None of the existing ones work for me. I deal with Argentine ants, and they’re relentless:
The liquid bait needs to stay hydrated to stay attractive.
I need to see activity easily and refill quickly without disturbing them.
Model Features:
Open design: No cover. Watch the action.
Side handle: Easy to move, easy to refill.
Wide rim: Catches drips and helps prevent mess.
Shallow trough: Maximizes use of the bait with minimal waste.
Why not just use Painter's Tape?
I used this for years. Not terrible but tape is definitely messier and hard to move cleanly.
Fresh tape has no pheromone trail, so ants ignore it until they rediscover it.
Tape can leak after long exposure to liquid bait.
Plastic stations can be repositioned. Start anywhere, then shift closer to walls or corners.
Once ants have accepted a station, they leave pheromones on it, so you can move an active station to a stubborn trail and instantly get results.
These stations are reusable, clean, and easy to move.
Printing tips
Use a textured build plate, they tend to produce water tight bottom layer.
Prefer light-color filament so you can see the ants ..
.. or .. blend the stations with the floor so less of an eye sore.
Prefer PLA. PETG sticks too well to PEI plate.
Quick Guide: Baiting Argentine ants
I’m in the Bay Area, California, where Argentine ants have a massive supercolony. If you have tiny brown ants invading in lines, you probably have them too. Key facts:
One queen per ~120 workers, each laying ~60 eggs/day.
Multiple nests working as a single supercolony, not just one nest to wipe out.
Most commercial advice ignores the science.
Here’s what actually works:
Step 1: Use Liquid Borax Bait (Not Granules or Peanut Butter Bait)
Bait: sugar + water. This is what Argentine ants love to eat. They slurp it up in a crop and transport back to the nest and share it. These ants can be thirsty and just go for water, but they won't go for crystalized sugar. As it dries out, they lose interest.
Poison: borax. The higher the dose, the less they like it. And too little and it won't be toxic, too much and the ants will die too quickly.
Recipe (optimal range):
25% sucrose water → about 2 tsp sugar to 5 tsp hot water.
Borax at 0.7 – 3% → low enough to keep workers alive, long enough to spread it.

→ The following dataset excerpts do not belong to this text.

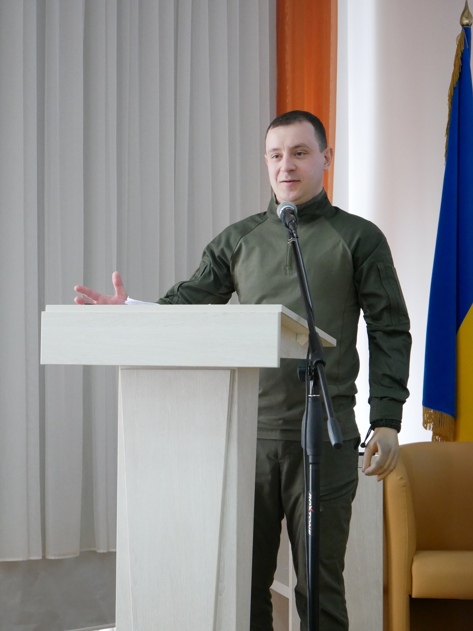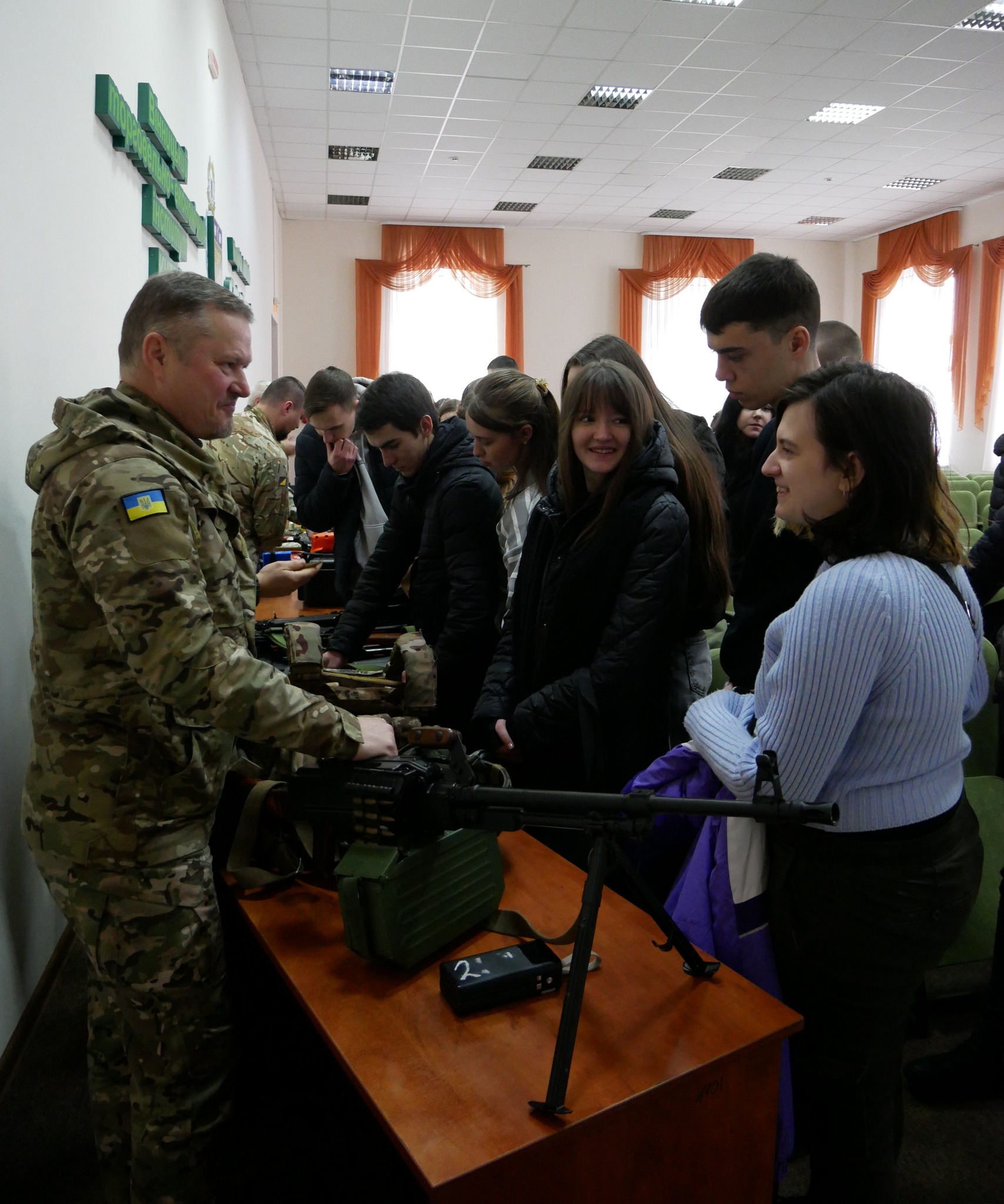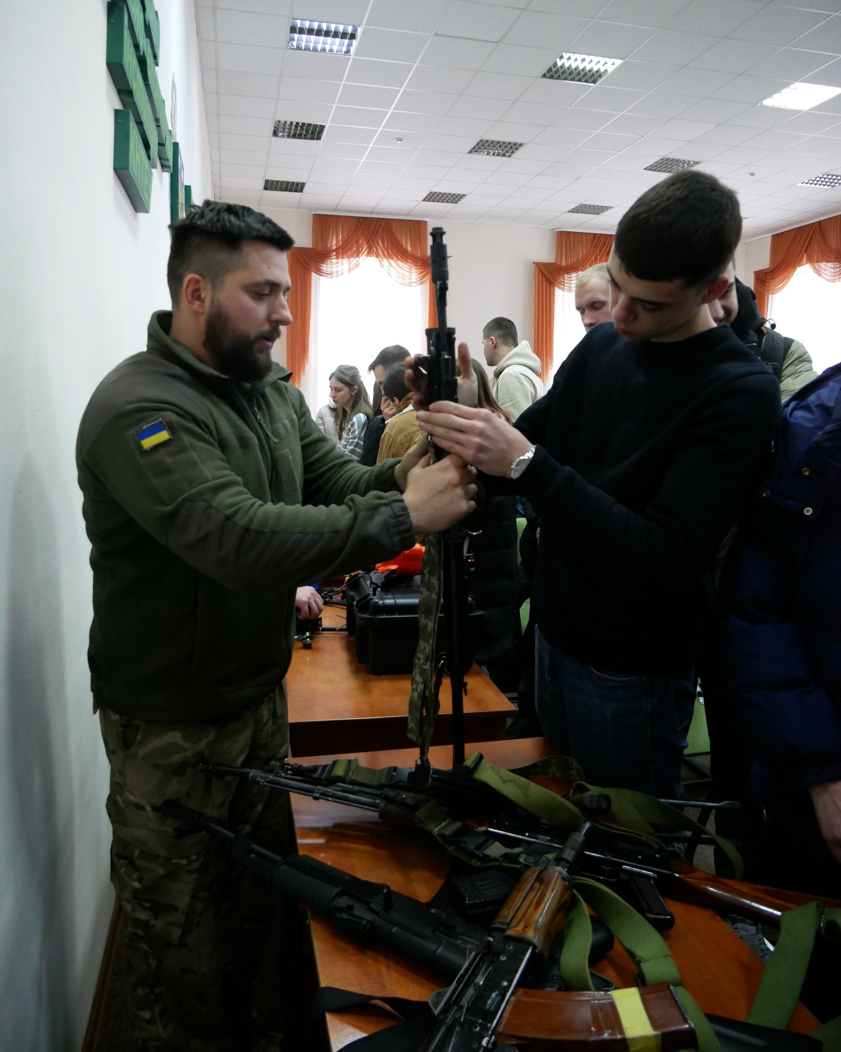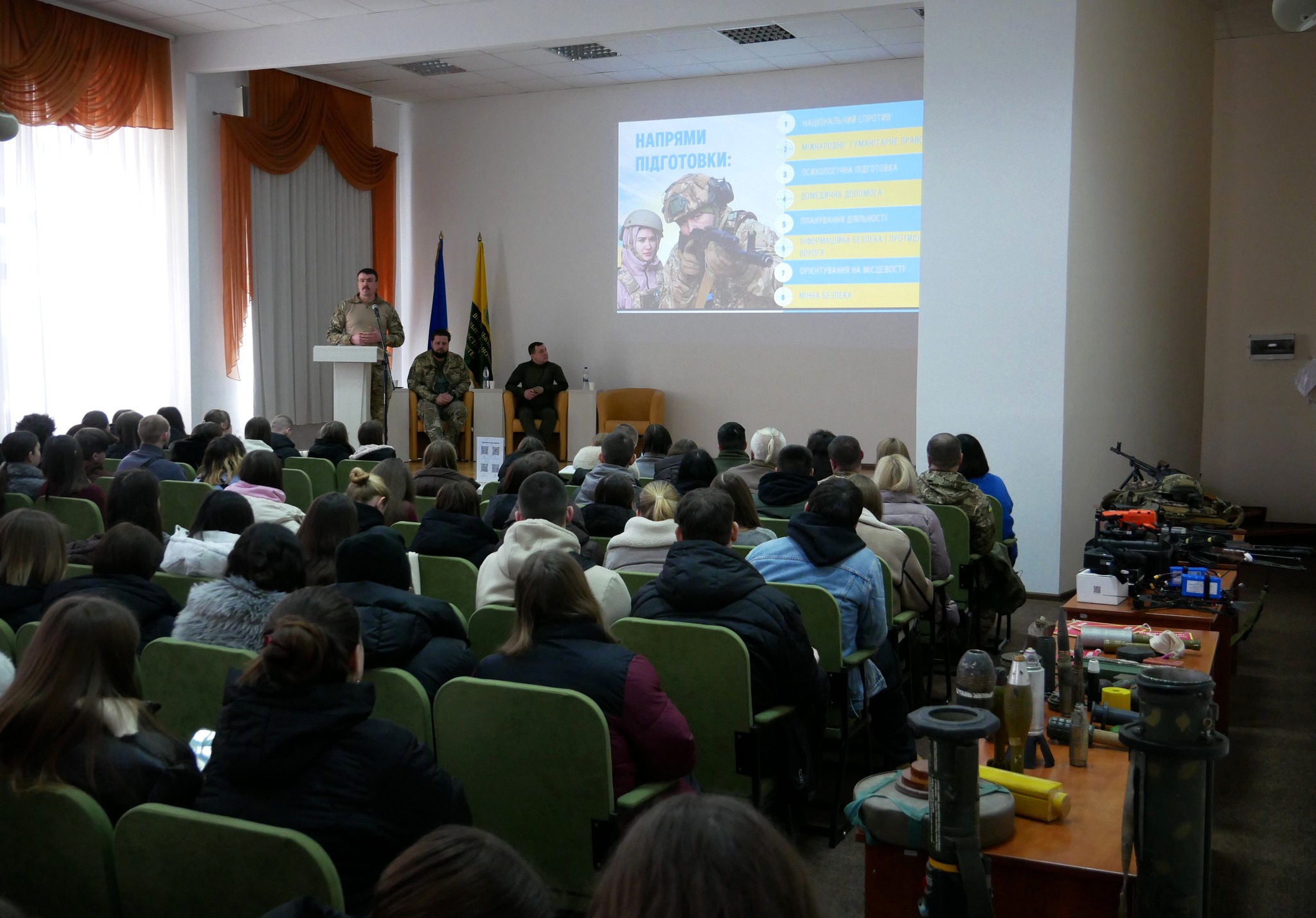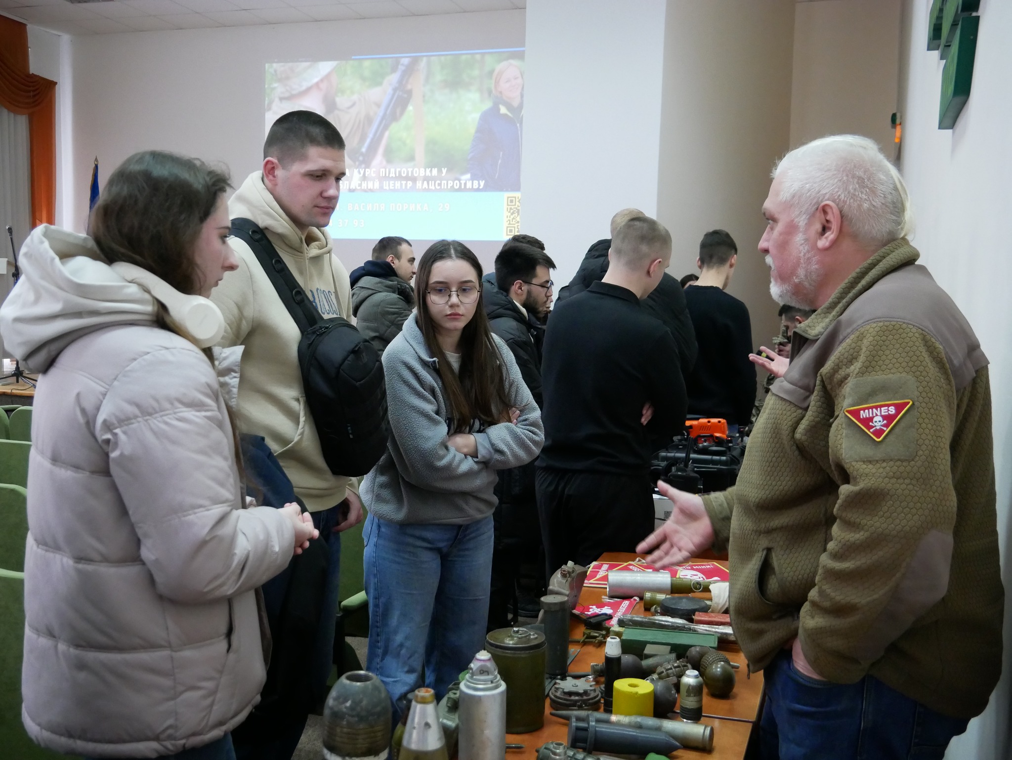 Очільник установи Микола Баланчук разом із командою інструкторів ознайомив студентів із напрямами діяльності Центру та детально представив програму підготовки до національного спротиву.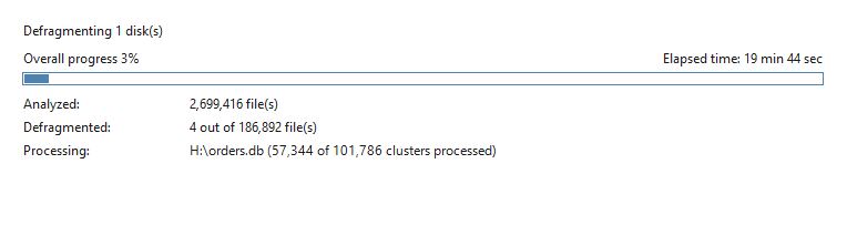 I’ve also stopped the node right now and started defragmentation. The orders.db file has over 13k fragments scatted on the whole disk - it’s madness. And 2 MB files have over 500 fragments. No wonder it’s working slow.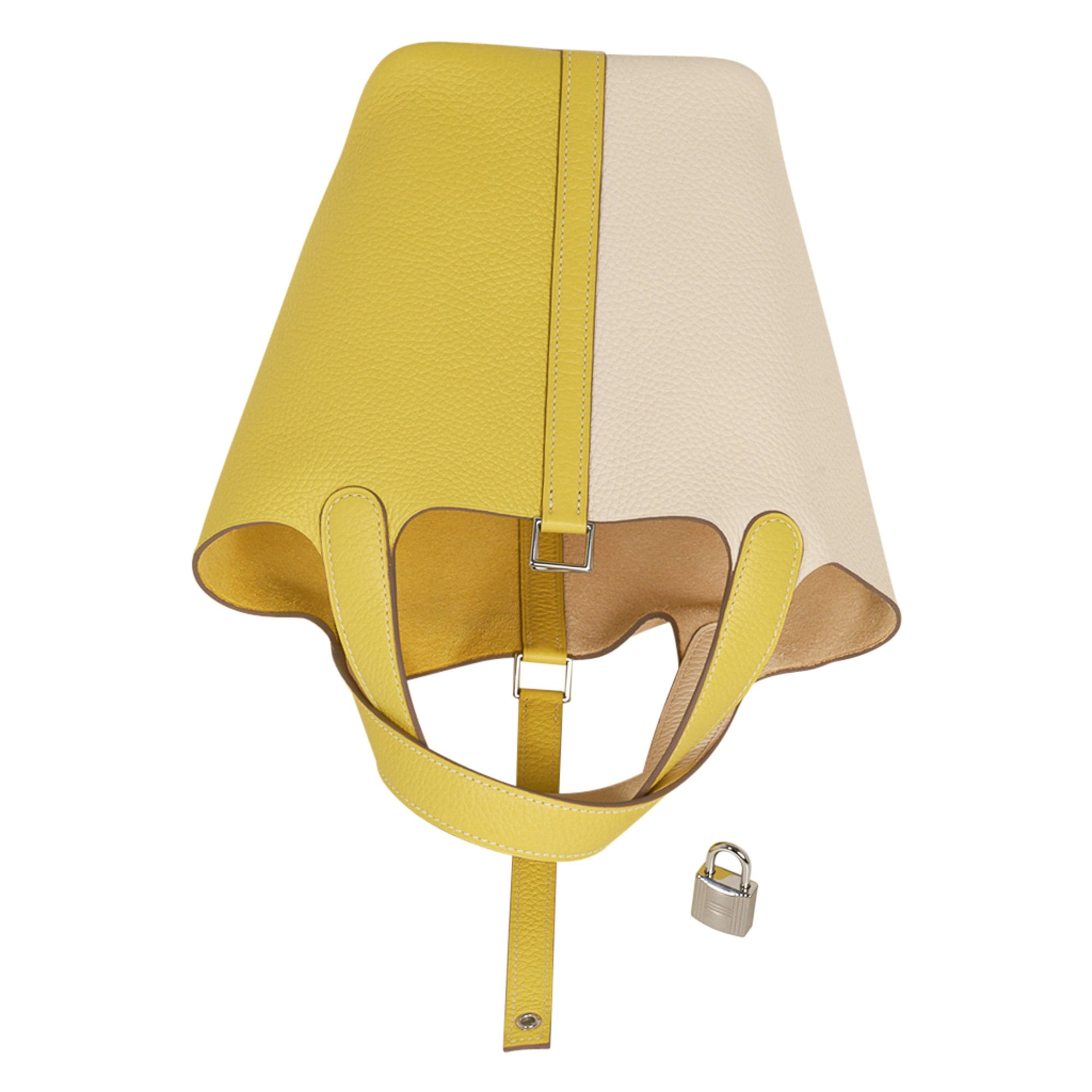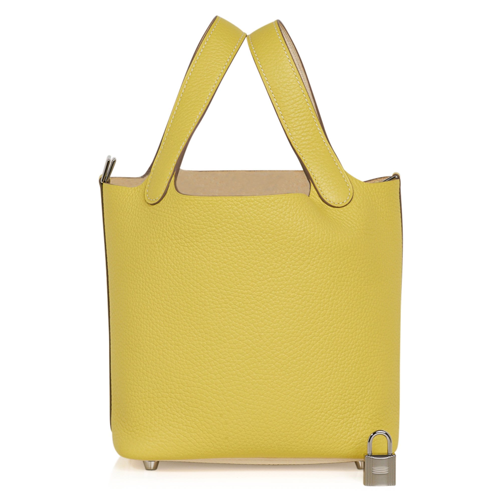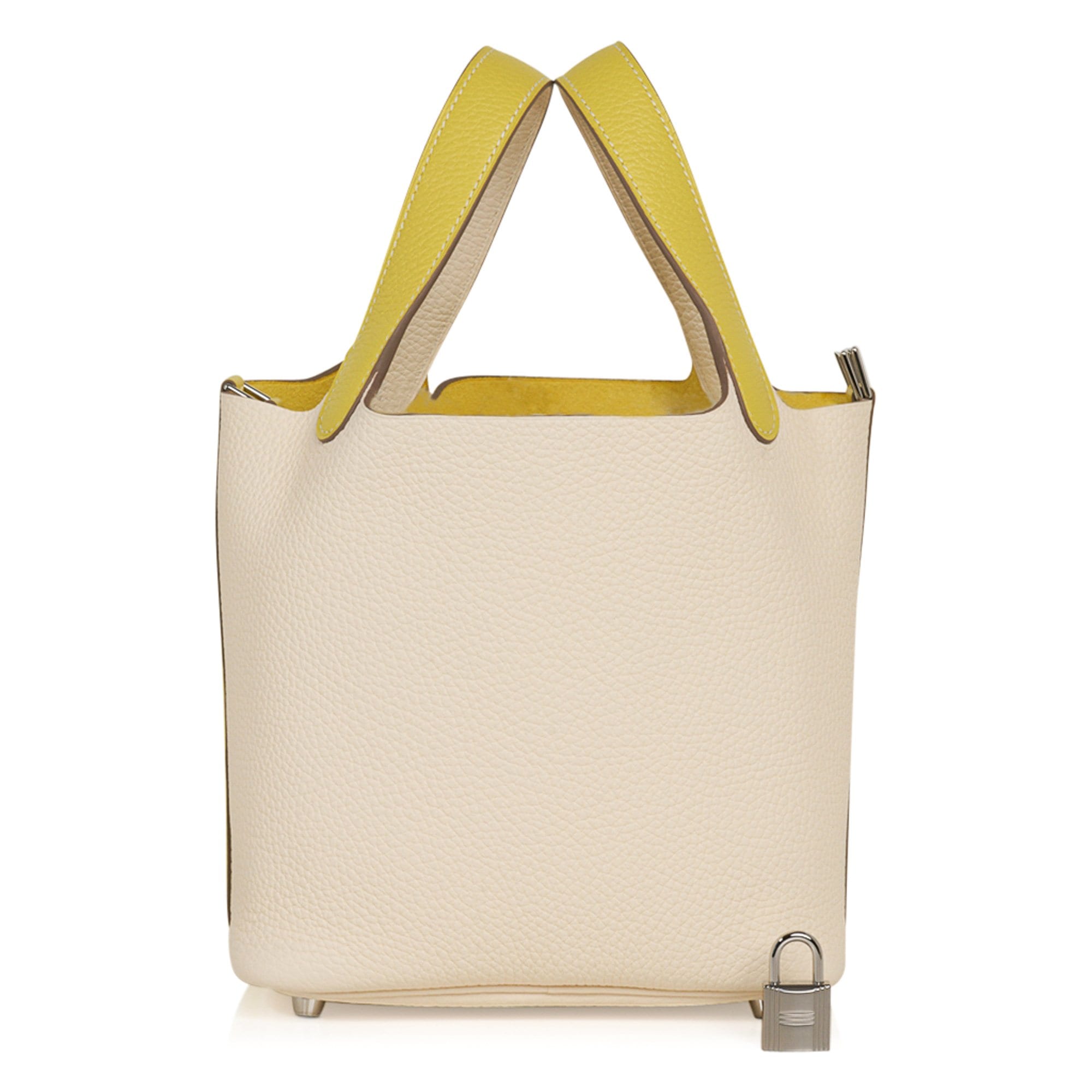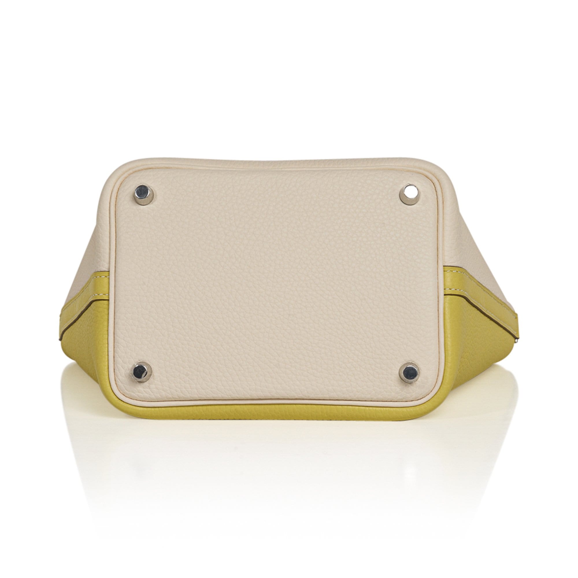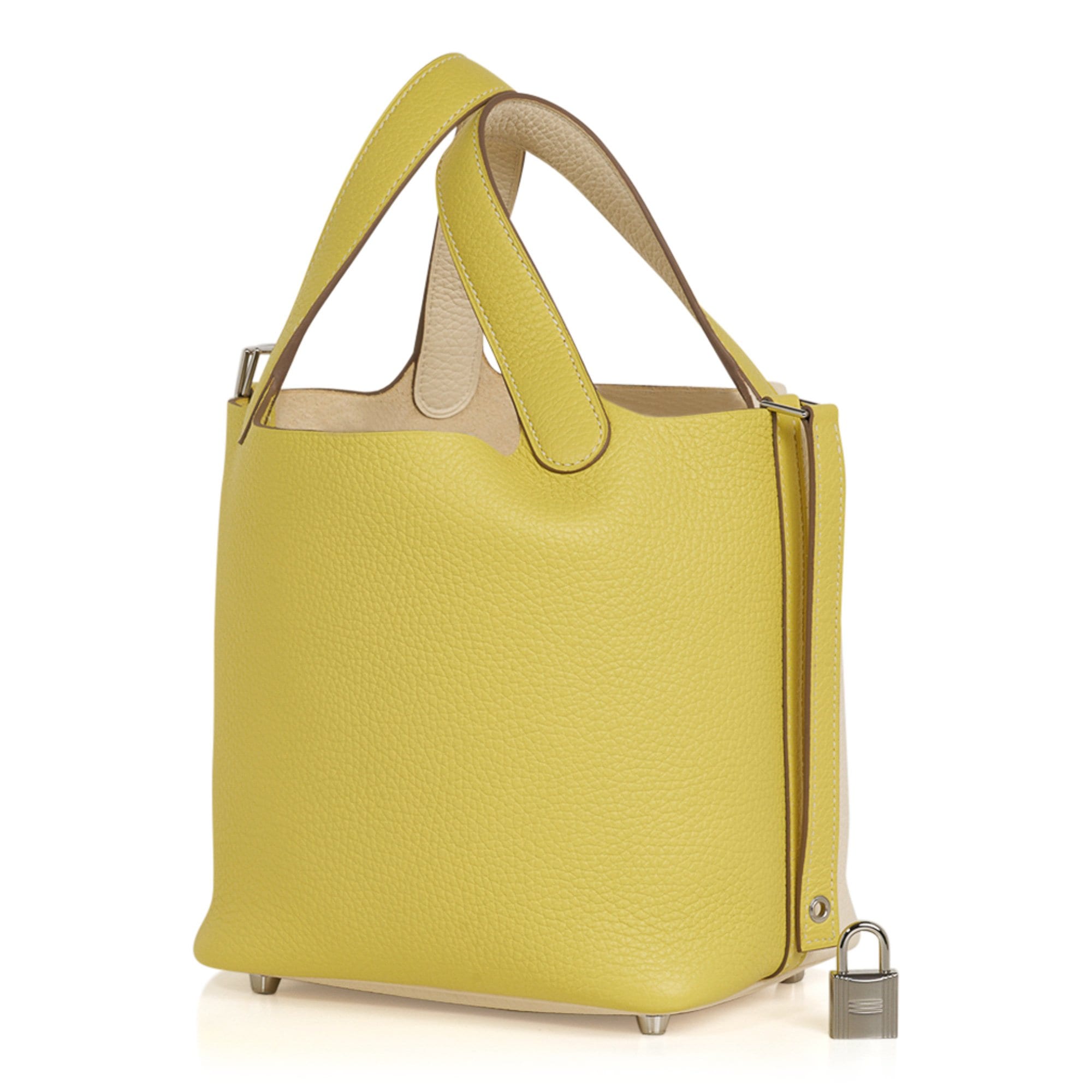 Guaranteed authentic Hermes Picotin Lock 18 Casaque bag featured in Lime / Nata.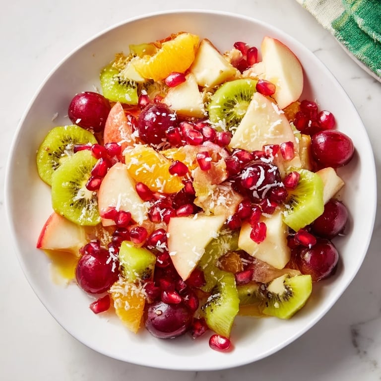 Pin A refreshing winter fruit salad featuring a blend of seasonal fruits, tossed in a light citrus-honey dressing and topped with coconut flakes for a festive snow-like touch.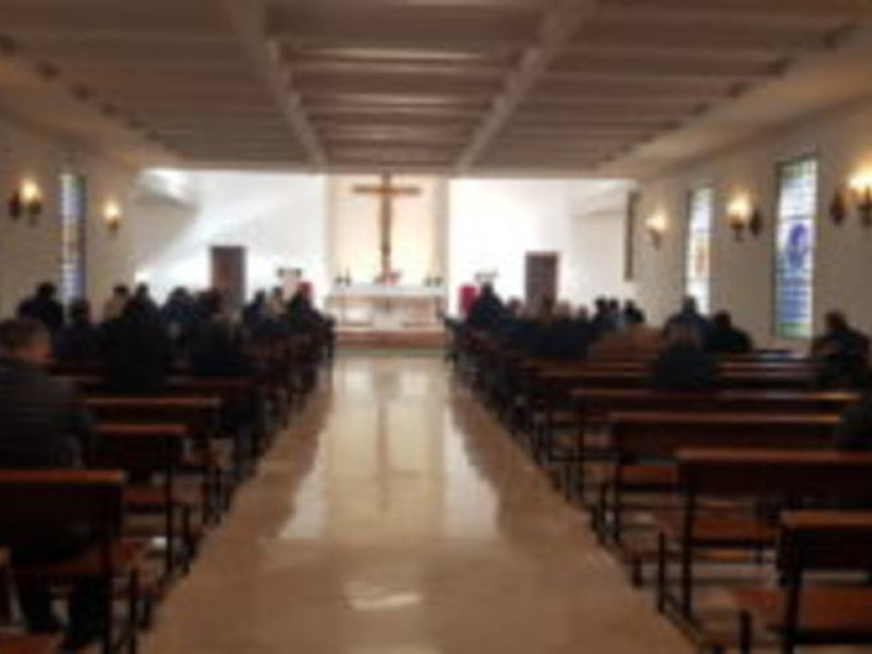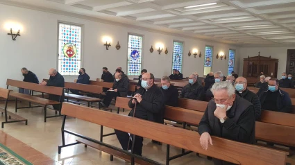 Junto a Santiago Gómez, obispo de Huelva, el clero diocesano celebra su retiro de Adviento en el Seminario Diocesano.

Key to remember: as the liquid bait sits out, water evaporates but the borax and sugar stay behind, so the solution becomes more concentrated over time. What starts as the right strength can become too strong and repel ants or kill them before they can share it.
⚠ Why not Terro Ant Killer as-is?
It is not optimal for Argentine ants, and only gets worse as it is left to dry.
Too thick - dries quickly and loses appeal.
Too strong - 5.4% borax kills workers too fast. You really want them transporting your laid out goodies back to the nest.
Misleading results. Terro often looks like it worked. The first wave of workers die and activity stops. But the colony isn’t gone, only temporarily suppressed. Scouts will constantly come back and are disinterested in the now-too-dry bait. They rebuild pheromone trails into your home for another surge and strike again.
Terro is shelf stable though. A diluted version won't be.
If you only have Terro,add sugary water to bring down concentration, for example:
2 tsp sugar
5 tsp hot water
1 Terro bait station (0.36 fl oz / 11 cc) (2 tsp)
will yield ~1.5% borax. This gives you room to add water later and remain toxic. Or skip Terro entirely and mix your own with store-bought borax.
Step 2: Keep the Bait Fresh
Argentine ants may keep coming for weeks, they have endless nests.
I’ve had a single bait spot active for 3 weeks straight (I'm probably feeding the whole neighborhood).
Add a few drops of fresh bait or just water daily to keep it moist, they’ll go wild for it again.